## TASK PROMPT
If a picture appears, leave it out, and reproduce exactly the lines from the start of the listing below through the one bearing "international testing fee, applicable".
↓
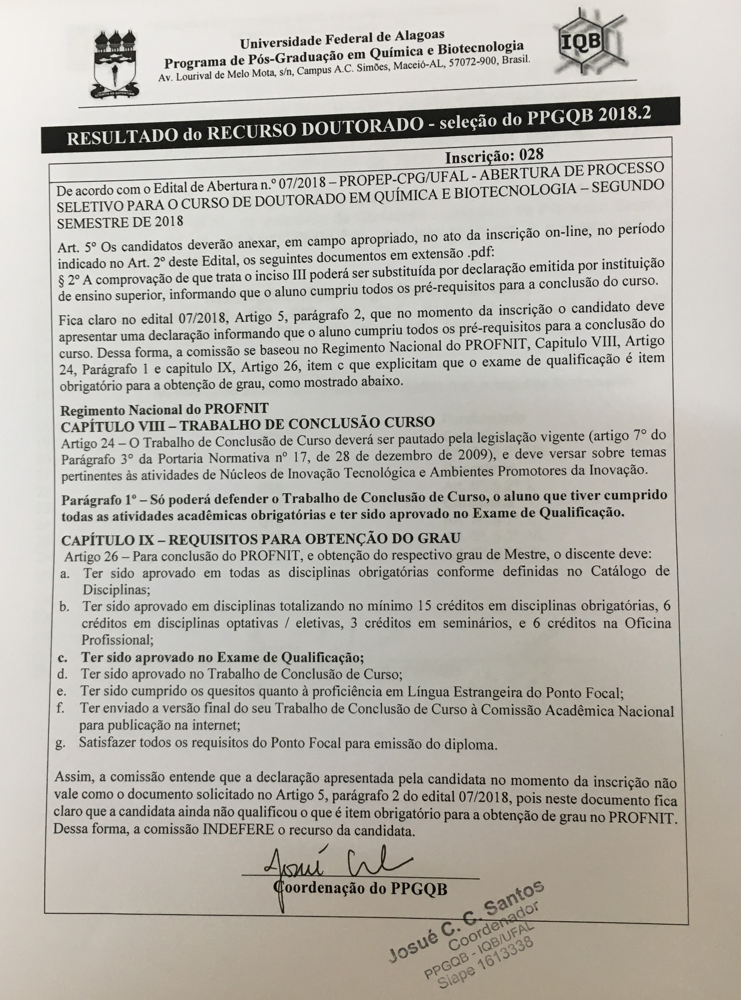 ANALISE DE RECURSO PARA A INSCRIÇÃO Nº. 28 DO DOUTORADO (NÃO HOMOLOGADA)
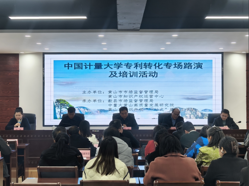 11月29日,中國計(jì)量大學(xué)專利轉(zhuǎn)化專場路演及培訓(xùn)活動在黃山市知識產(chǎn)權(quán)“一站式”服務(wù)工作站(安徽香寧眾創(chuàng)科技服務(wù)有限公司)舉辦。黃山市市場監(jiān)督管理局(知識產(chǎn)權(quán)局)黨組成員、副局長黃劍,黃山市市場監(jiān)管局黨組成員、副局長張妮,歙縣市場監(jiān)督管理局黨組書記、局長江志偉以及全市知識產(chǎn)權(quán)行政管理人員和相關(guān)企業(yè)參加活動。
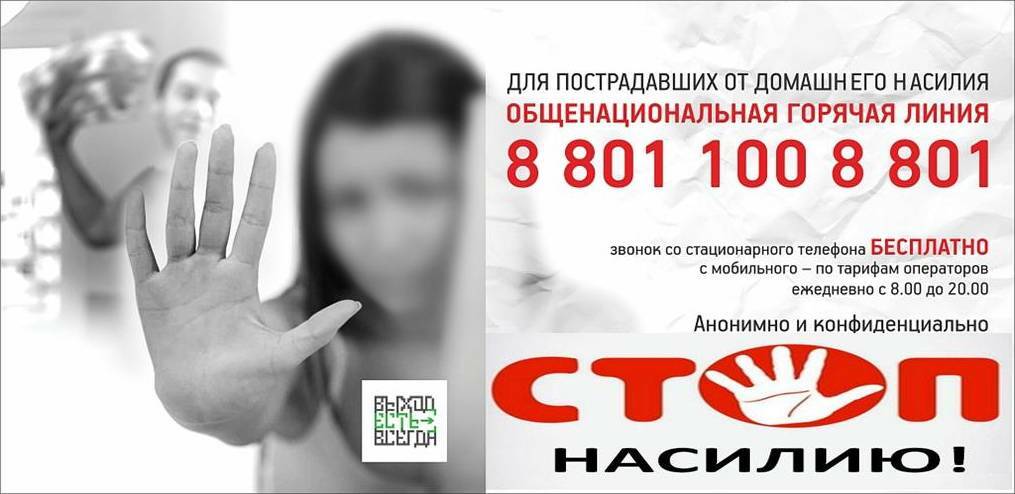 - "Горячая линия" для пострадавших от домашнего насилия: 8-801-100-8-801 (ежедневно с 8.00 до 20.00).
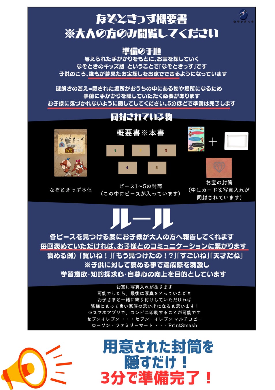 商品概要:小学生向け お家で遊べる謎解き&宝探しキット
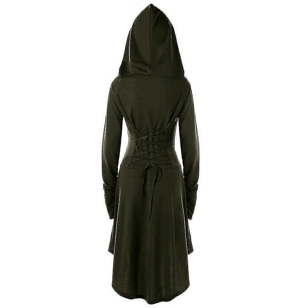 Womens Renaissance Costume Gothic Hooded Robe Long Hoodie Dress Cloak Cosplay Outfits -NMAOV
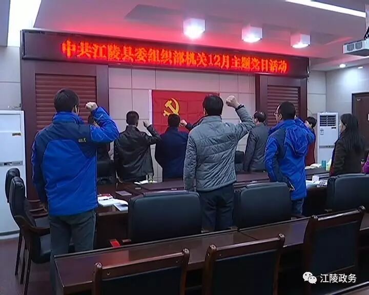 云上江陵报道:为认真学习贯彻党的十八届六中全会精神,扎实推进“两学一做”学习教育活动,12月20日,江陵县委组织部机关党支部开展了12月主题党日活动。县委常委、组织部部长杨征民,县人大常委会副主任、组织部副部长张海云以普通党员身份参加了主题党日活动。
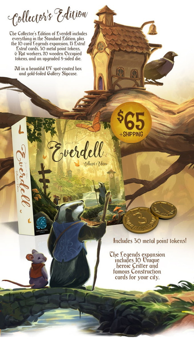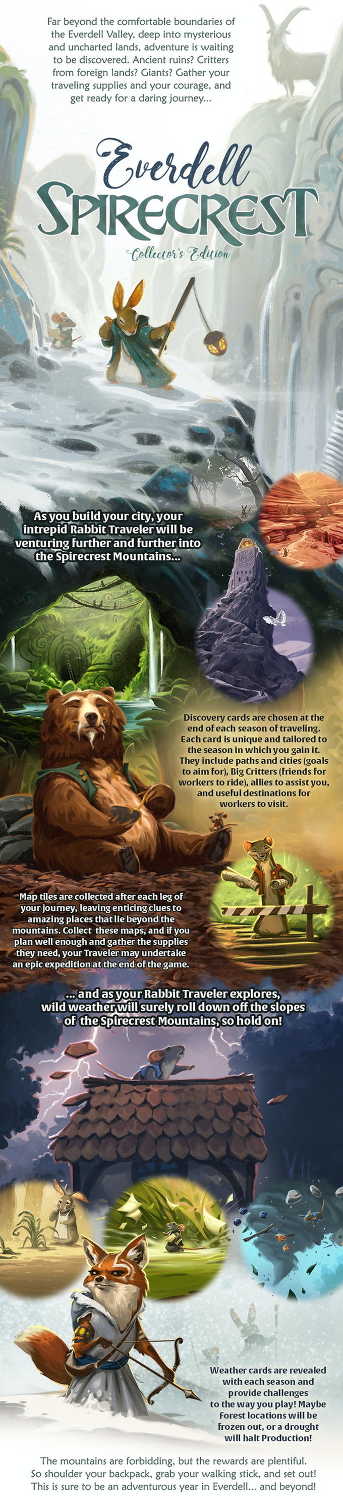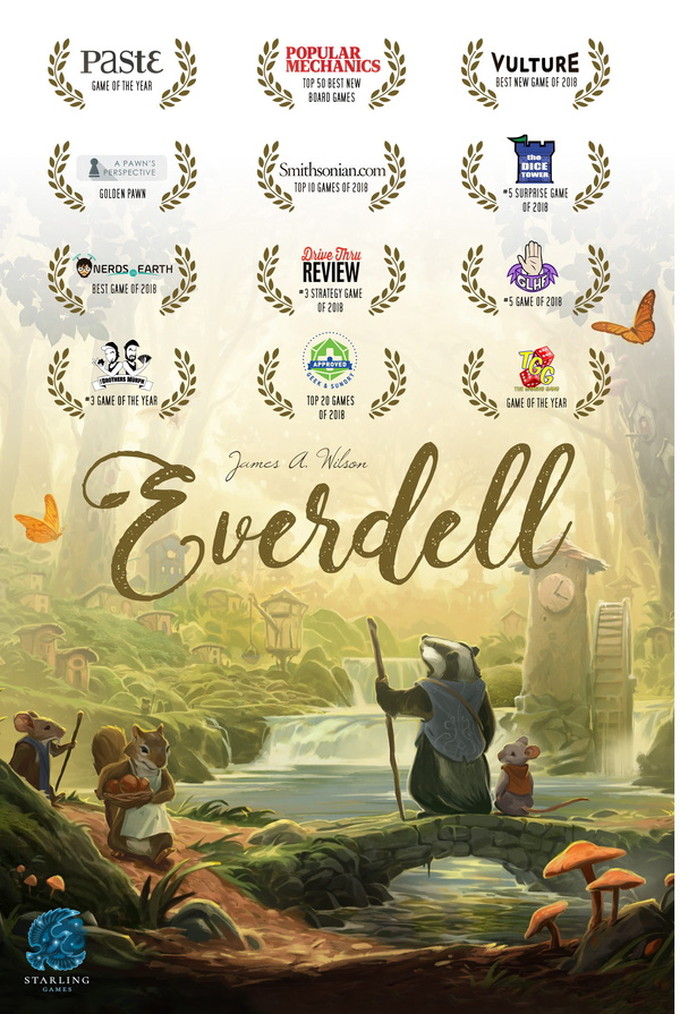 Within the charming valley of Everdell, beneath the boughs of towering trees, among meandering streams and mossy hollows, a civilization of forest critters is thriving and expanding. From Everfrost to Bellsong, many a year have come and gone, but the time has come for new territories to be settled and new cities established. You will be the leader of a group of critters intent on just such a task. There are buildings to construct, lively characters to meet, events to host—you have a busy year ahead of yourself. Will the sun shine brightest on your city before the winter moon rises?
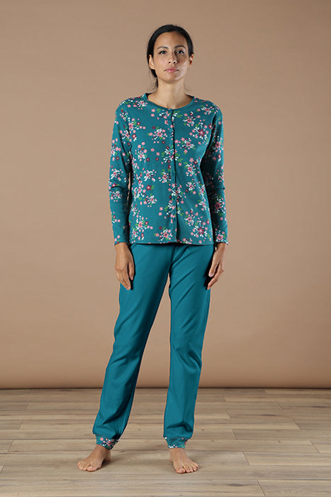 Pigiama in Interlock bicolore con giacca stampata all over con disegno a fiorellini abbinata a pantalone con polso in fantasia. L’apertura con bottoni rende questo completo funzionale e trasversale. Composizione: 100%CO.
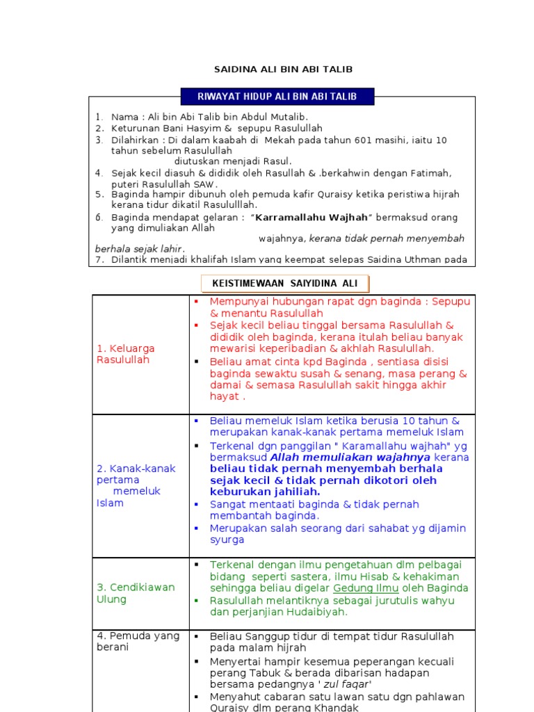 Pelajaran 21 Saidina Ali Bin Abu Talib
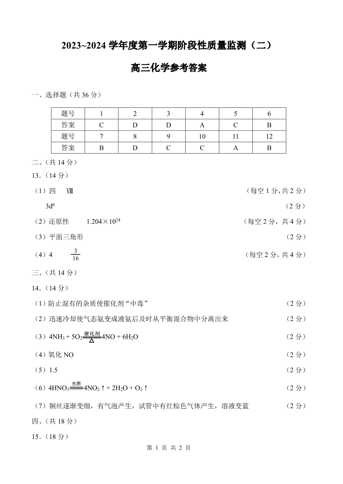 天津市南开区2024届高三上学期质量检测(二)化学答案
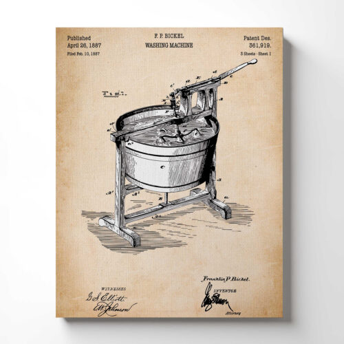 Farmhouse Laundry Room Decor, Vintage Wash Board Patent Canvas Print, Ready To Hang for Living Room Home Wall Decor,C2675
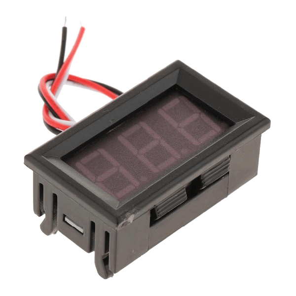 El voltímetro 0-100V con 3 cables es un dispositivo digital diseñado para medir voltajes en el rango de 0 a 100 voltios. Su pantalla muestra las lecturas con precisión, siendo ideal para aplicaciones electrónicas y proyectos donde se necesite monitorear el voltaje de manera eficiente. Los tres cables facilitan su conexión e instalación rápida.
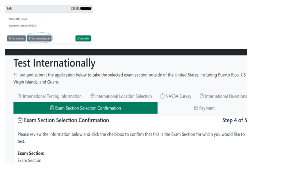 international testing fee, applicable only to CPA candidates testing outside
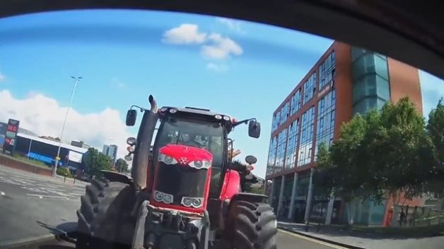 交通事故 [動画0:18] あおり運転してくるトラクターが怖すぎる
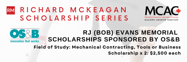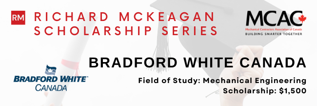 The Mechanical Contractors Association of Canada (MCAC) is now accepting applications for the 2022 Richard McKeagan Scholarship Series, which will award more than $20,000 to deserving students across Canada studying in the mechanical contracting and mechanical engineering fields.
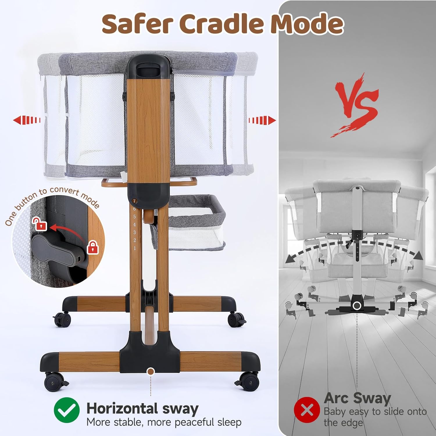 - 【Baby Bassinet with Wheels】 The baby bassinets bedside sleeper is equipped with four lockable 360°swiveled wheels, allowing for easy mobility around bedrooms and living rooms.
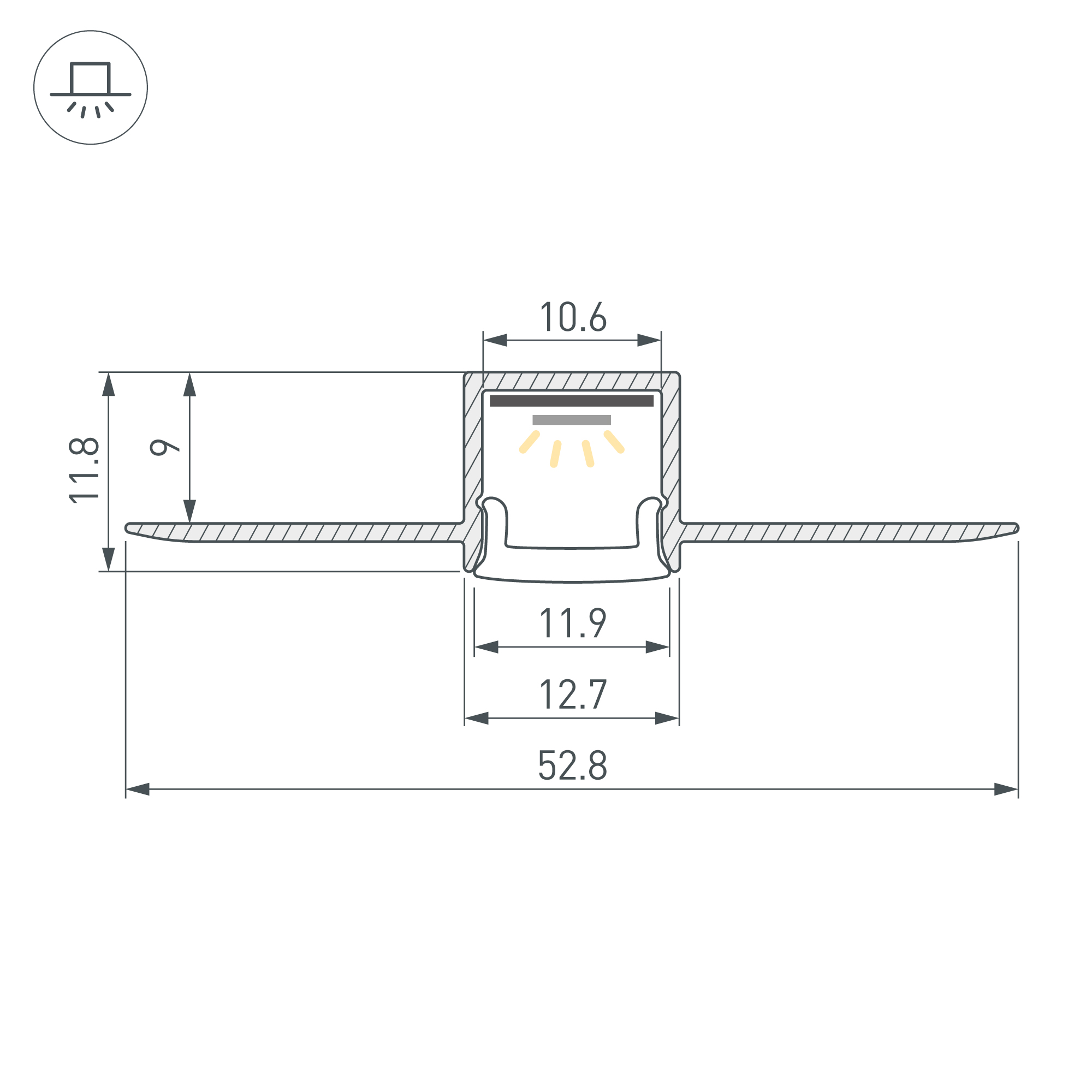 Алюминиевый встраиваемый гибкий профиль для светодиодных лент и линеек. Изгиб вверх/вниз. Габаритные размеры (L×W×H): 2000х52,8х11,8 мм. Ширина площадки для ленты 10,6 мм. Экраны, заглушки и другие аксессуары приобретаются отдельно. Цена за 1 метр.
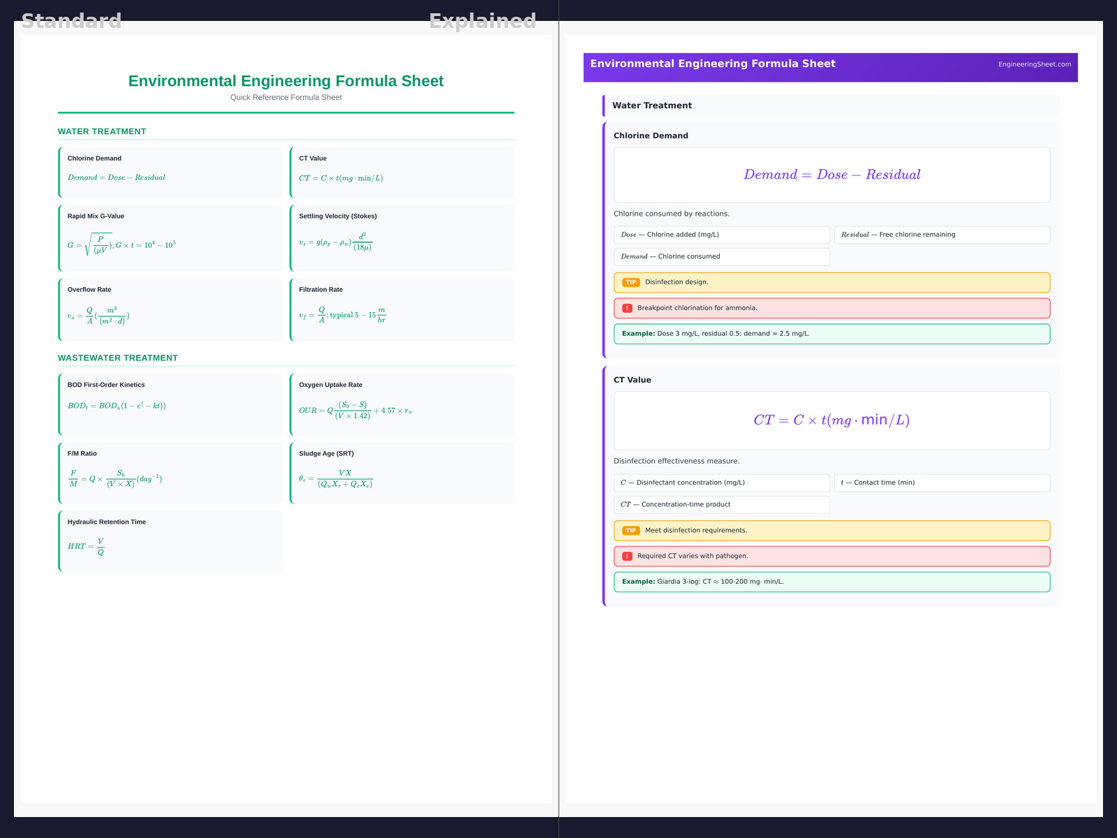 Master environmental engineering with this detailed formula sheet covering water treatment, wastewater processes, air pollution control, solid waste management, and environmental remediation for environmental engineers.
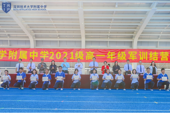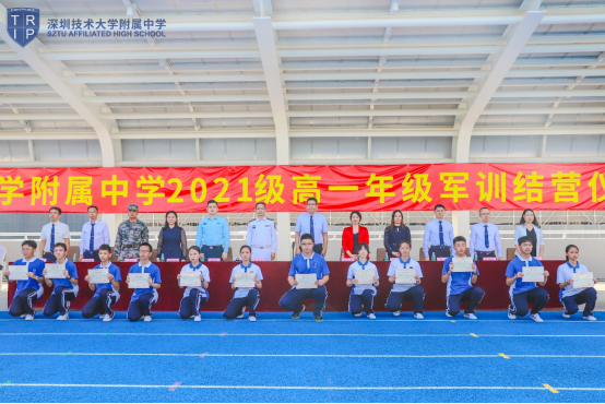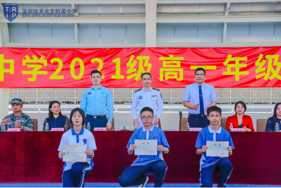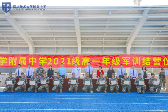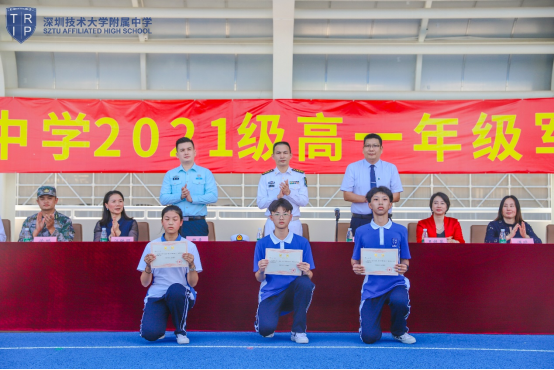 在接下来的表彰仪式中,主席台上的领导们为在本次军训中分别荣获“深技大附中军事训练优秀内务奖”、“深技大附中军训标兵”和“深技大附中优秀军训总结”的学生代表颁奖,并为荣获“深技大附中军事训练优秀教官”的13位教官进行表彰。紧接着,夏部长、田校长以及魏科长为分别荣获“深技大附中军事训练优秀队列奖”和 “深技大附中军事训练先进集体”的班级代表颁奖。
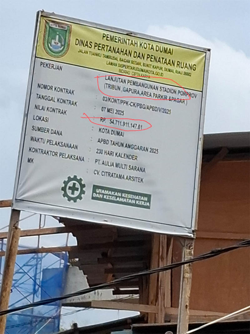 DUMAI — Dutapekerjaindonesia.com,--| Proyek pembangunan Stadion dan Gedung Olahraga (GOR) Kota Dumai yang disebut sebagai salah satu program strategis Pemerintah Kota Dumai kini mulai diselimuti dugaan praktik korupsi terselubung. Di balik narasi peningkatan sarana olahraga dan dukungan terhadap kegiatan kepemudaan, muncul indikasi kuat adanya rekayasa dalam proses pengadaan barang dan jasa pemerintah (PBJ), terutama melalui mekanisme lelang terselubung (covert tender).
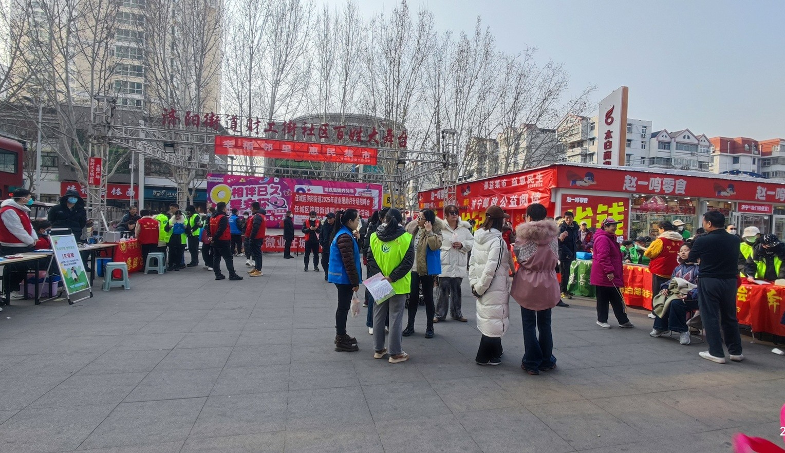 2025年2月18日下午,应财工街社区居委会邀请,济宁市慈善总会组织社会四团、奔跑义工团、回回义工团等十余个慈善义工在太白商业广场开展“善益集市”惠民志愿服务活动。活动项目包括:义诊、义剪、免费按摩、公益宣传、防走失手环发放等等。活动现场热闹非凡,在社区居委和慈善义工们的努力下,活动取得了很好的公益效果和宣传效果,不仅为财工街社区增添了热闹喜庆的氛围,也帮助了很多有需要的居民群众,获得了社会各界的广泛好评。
↑
## FINISHED TASK
 ANALISE DE RECURSO PARA A INSCRIÇÃO Nº. 28 DO DOUTORADO (NÃO HOMOLOGADA)
 11月29日,中國計(jì)量大學(xué)專利轉(zhuǎn)化專場路演及培訓(xùn)活動在黃山市知識產(chǎn)權(quán)“一站式”服務(wù)工作站(安徽香寧眾創(chuàng)科技服務(wù)有限公司)舉辦。黃山市市場監(jiān)督管理局(知識產(chǎn)權(quán)局)黨組成員、副局長黃劍,黃山市市場監(jiān)管局黨組成員、副局長張妮,歙縣市場監(jiān)督管理局黨組書記、局長江志偉以及全市知識產(chǎn)權(quán)行政管理人員和相關(guān)企業(yè)參加活動。
 - "Горячая линия" для пострадавших от домашнего насилия: 8-801-100-8-801 (ежедневно с 8.00 до 20.00).
 商品概要:小学生向け お家で遊べる謎解き&宝探しキット
 Womens Renaissance Costume Gothic Hooded Robe Long Hoodie Dress Cloak Cosplay Outfits -NMAOV
 云上江陵报道:为认真学习贯彻党的十八届六中全会精神,扎实推进“两学一做”学习教育活动,12月20日,江陵县委组织部机关党支部开展了12月主题党日活动。县委常委、组织部部长杨征民,县人大常委会副主任、组织部副部长张海云以普通党员身份参加了主题党日活动。
 Within the charming valley of Everdell, beneath the boughs of towering trees, among meandering streams and mossy hollows, a civilization of forest critters is thriving and expanding. From Everfrost to Bellsong, many a year have come and gone, but the time has come for new territories to be settled and new cities established. You will be the leader of a group of critters intent on just such a task. There are buildings to construct, lively characters to meet, events to host—you have a busy year ahead of yourself. Will the sun shine brightest on your city before the winter moon rises?
 Pigiama in Interlock bicolore con giacca stampata all over con disegno a fiorellini abbinata a pantalone con polso in fantasia. L’apertura con bottoni rende questo completo funzionale e trasversale. Composizione: 100%CO.
 Pelajaran 21 Saidina Ali Bin Abu Talib
 天津市南开区2024届高三上学期质量检测(二)化学答案
 Farmhouse Laundry Room Decor, Vintage Wash Board Patent Canvas Print, Ready To Hang for Living Room Home Wall Decor,C2675
 El voltímetro 0-100V con 3 cables es un dispositivo digital diseñado para medir voltajes en el rango de 0 a 100 voltios. Su pantalla muestra las lecturas con precisión, siendo ideal para aplicaciones electrónicas y proyectos donde se necesite monitorear el voltaje de manera eficiente. Los tres cables facilitan su conexión e instalación rápida.
 international testing fee, applicable only to CPA candidates testing outside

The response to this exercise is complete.